DIREITO CONSTITUCIONAL. AGRAVO INTERNO EM RECURSO EXTRAORDINÁRIO. REPRESENTAÇÃO DE INCONSTITUCIONALIDADE. LEI MUNICIPAL DE INICIATIVA PARLAMENTAR. ALTERAÇÃO DA ESTRUTURA E DE ÓRGÃOS DA ADMINISTRAÇÃO PÚBLICA. INICIATIVA PRIVATIVA DO PODER EXECUTIVO. 1. O Tribunal de origem reconheceu que a lei municipal de origem parlamentar, ao dispor sobre atos de organização interna da gestão municipal, invadiu a competência privativa do chefe do poder executivo prevista no art. 46, § 1º, II, c, da Constituição estadual. 2. No julgamento do ARE 878.911-RG, Rel. Min. Gilmar Mendes, em sede de repercussão geral, foi reafirmada a jurisprudência do STF no sentido de que somente não usurpa a competência privativa do chefe do Poder Executivo lei que, embora crie despesa para a Administração Pública, não trata da sua estrutura ou da atribuição de seus órgãos nem do regime jurídico de servidores públicosRoberto Barroso. 3. Inaplicável o art. 85, § 11, do CPC/2015, uma vez que não é cabível condenação em honorários advocatícios. 4. Agravo interno a que se nega provimento.” (RE nº 1.104.765 AgR/RN, Primeira Turma, Rel. Min.


AGRAVO REGIMENTAL NO RECURSO EXTRAORDINÁRIO. AÇÃO DIRETA DE INCONSTITUCIONALIDADE. VÍCIO DE INICIATIVA. LEI DE INICIATIVA PARLAMENTAR QUE DISPÕE SOBRE ATRIBUIÇÕES E ESTABELECE OBRIGAÇÃO A ÓRGÃO DA ADMINISTRAÇÃO PÚBLICA. INCONSTITUCIONALIDADE. PRECEDENTES. AGRAVO AO QUAL SE NEGA PROVIMENTO. 1. Acórdão recorrido que se encontra em sintonia com a jurisprudência desta Corte no sentido de que padece de inconstitucionalidade formal a lei de iniciativa parlamentar que disponha sobre atribuições ou estabeleça obrigações a órgãos públicos, matéria da competência privativa do Chefe do Poder Executivo. 2. Agravo regimental a que se nega provimento.” (RE nº 653.041 AgR/MG, Primeira Turma, Rel.
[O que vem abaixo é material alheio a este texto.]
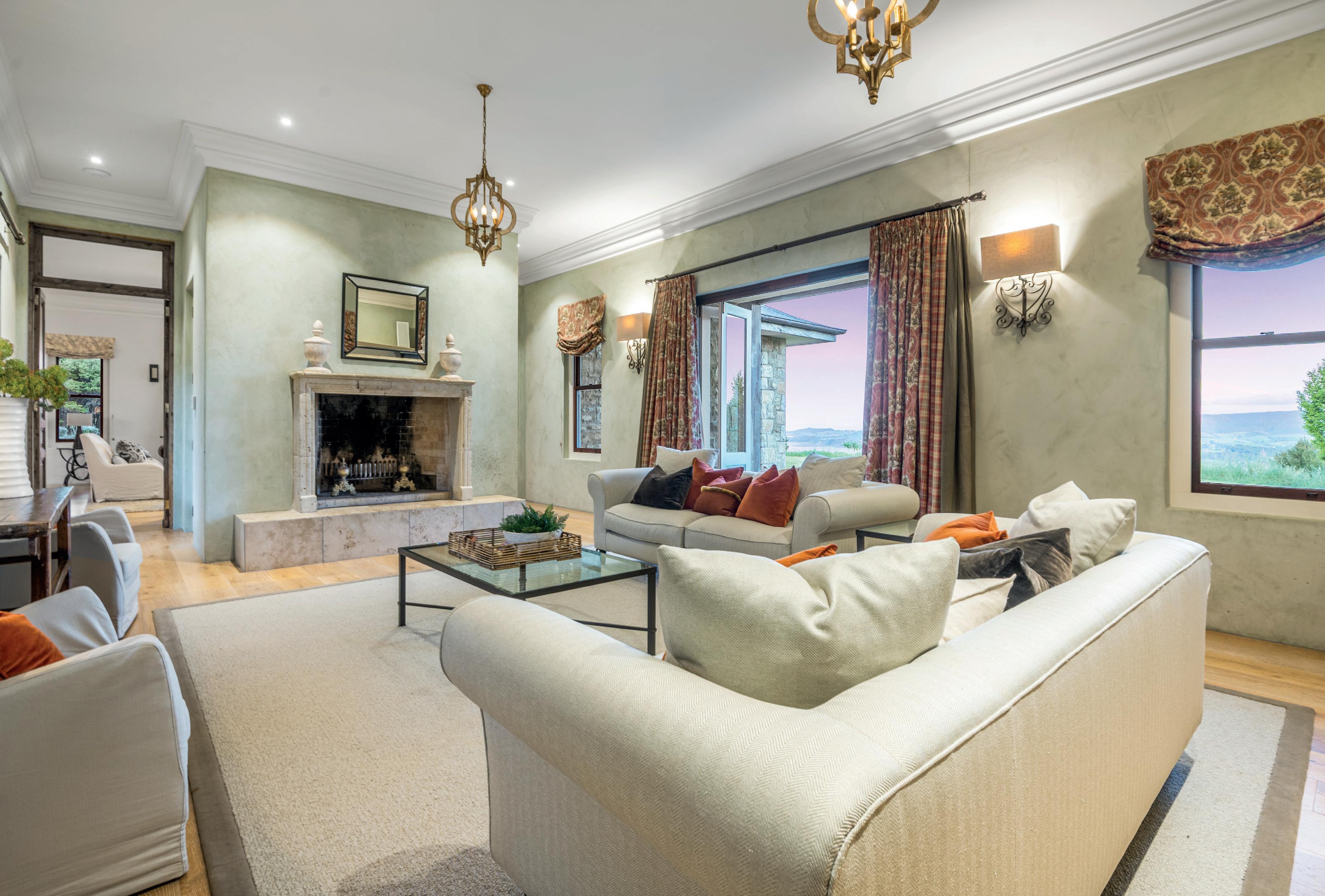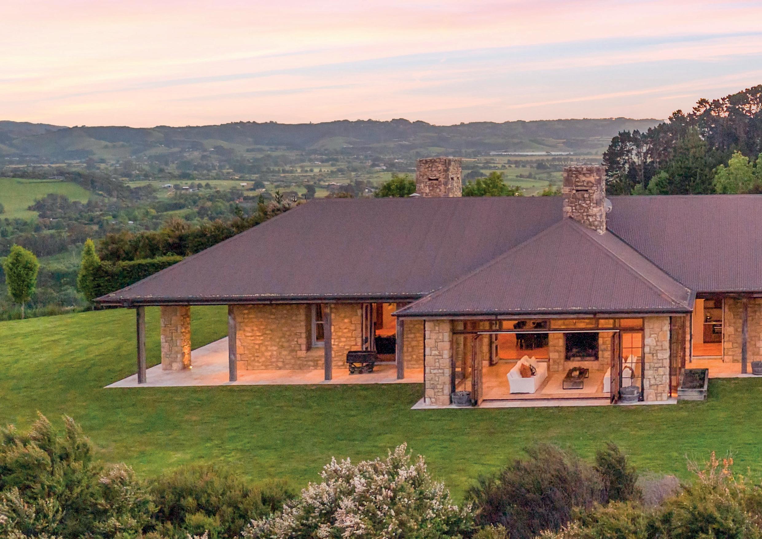 The home itself, crafted from Te Kuiti limestone and framed by gabion walls, exudes relaxed lodge elegance. Inside, soaring 3.6 m studs and natural textures create a warm, inviting atmosphere. Egyptian timber doors open to expansive American oak floors

Min. Edson Fachin, DJe de 9/8/16, grifos nossos).


Agravo regimental no recurso extraordinário com agravo. Constitucional. Representação por inconstitucionalidade. Lei nº 4.295/2004 do Estado do Rio de Janeiro, a qual autoriza os diretores de escolas públicas estaduais a ceder espaço para a realização de encontro de casais, jovens e adolescentes de todos os grupos religiosos e dá outras providências. Lei que versa a respeito das atribuições, organização e funcionamento das instituições de ensino públicas estaduais. Competência do chefe do Poder Executivo. Iniciativa parlamentar. Inconstitucionalidade formal. Precedentes. 1. É pacífica a jurisprudência da Corte no sentido de que padece de inconstitucionalidade formal a lei resultante de iniciativa parlamentar que disponha sobre atribuições, organização e funcionamento de órgãos públicos, haja vista que essa matéria é afeta ao chefe do Poder Executivo. 2. Agravo regimental não provido.” (ARE nº 1.075.428 AgR/RJ, Segunda Turma, de minha relatoria, DJe de 28/5/18, grifos nossos).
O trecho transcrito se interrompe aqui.